For many problems I see the solution recommended is to use a union-find data structure. I tried to read about it and think about how it is implemented (using C++). My current understanding is that it is nothing but a list of sets. So to find which set an element belongs we require n*log n
operations. And when we have to perform union, then we have to find the two sets which needs to be merged and do a set_union
on them. This doesn't look terribly efficient to me. Is my understanding of this data structure correct or am I missing something?
This is quite late reply, but this has probably not been answered elsewhere on stackoverflow, and since this is top most page for someone searching for union-find, here is the detailed solution.
Find-Union is a very fast operation, performing in near constant time. It follows Jeremie's insights of path compression, and tracking set sizes. Path compression is performed on each find operation itself, thereby taking amortized lg*(n) time. lg* is like the inverse Ackerman function, growing so very slow that it is rarely beyond 5 (at least till n< 2^65535).
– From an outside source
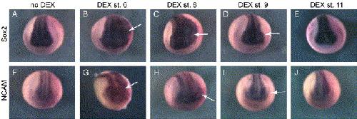 Fig. 6. Stage-dependent ectopic neural induction by δSmad7TEVGR-mediated BMP inhibition. Embryos were injected with 300 pg δSmad7TEVGR and 10 pg TEV2GR. After injection, embryos were cultured in the absence of DEX (A, F) or DEX was added at stage 6 (B, G), stage 8 (C, H), stage 9 (D, I), or stage 11 (E, J) and harvested at stage 16. Neural identity was assayed by in situ hybridization for Sox2 (AâE) or NCAM (FâJ).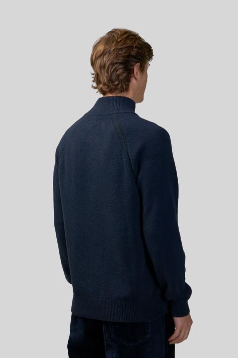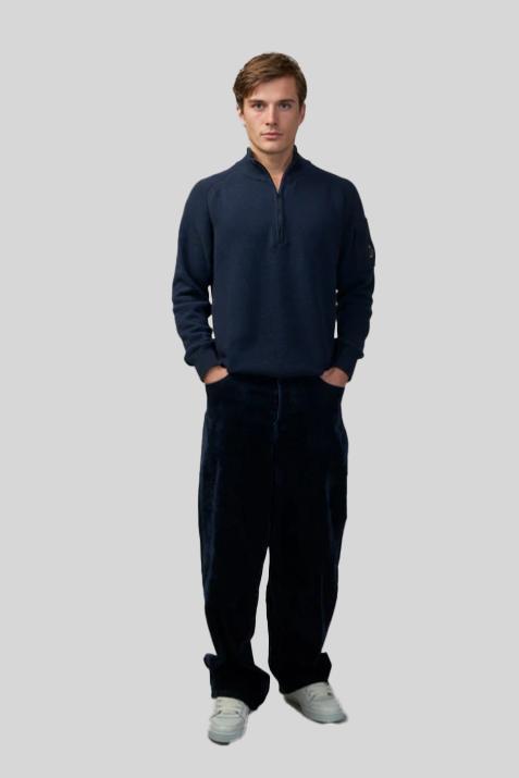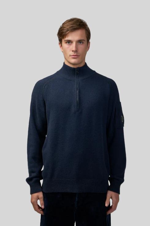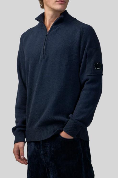De Knitwear Polo Collar Fleece Knit van C.P. Company in de kleur Total Eclipse is een donkerblauwe trui met opstaande kraag en ritssluiting. Gemaakt van polyamide, wol en een vleugje elastaan voor extra comfort. Afgewerkt met een mouwzak met ritssluiting en de iconische goggle. Stoer, warm en stijlvol!

Union/Merge sets is performed lazy, by just pointing 1 root to another, specifically smaller set's root to larger set's root, which is completed in constant time.
Refer the below code from https://github.com/kartikkukreja/blog-codes/blob/master/src/Union%20Find%20%28Disjoint%20Set%29%20Data%20Structure.cpp
class UF {
int *id, cnt, *sz;
public:
// Create an empty union find data structure with N isolated sets.
UF(int N) {
cnt = N; id = new int[N]; sz = new int[N];
for (int i = 0; i<N; i++) id[i] = i, sz[i] = 1; }
~UF() { delete[] id; delete[] sz; }
// Return the id of component corresponding to object p.
int find(int p) {
int root = p;
while (root != id[root]) root = id[root];
while (p != root) { int newp = id[p]; id[p] = root; p = newp; }
return root;
}
// Replace sets containing x and y with their union.
void merge(int x, int y) {
int i = find(x); int j = find(y); if (i == j) return;
// make smaller root point to larger one
if (sz[i] < sz[j]) { id[i] = j, sz[j] += sz[i]; }
else { id[j] = i, sz[i] += sz[j]; }
cnt--;
}
// Are objects x and y in the same set?
bool connected(int x, int y) { return find(x) == find(y); }
// Return the number of disjoint sets.
int count() { return cnt; }
};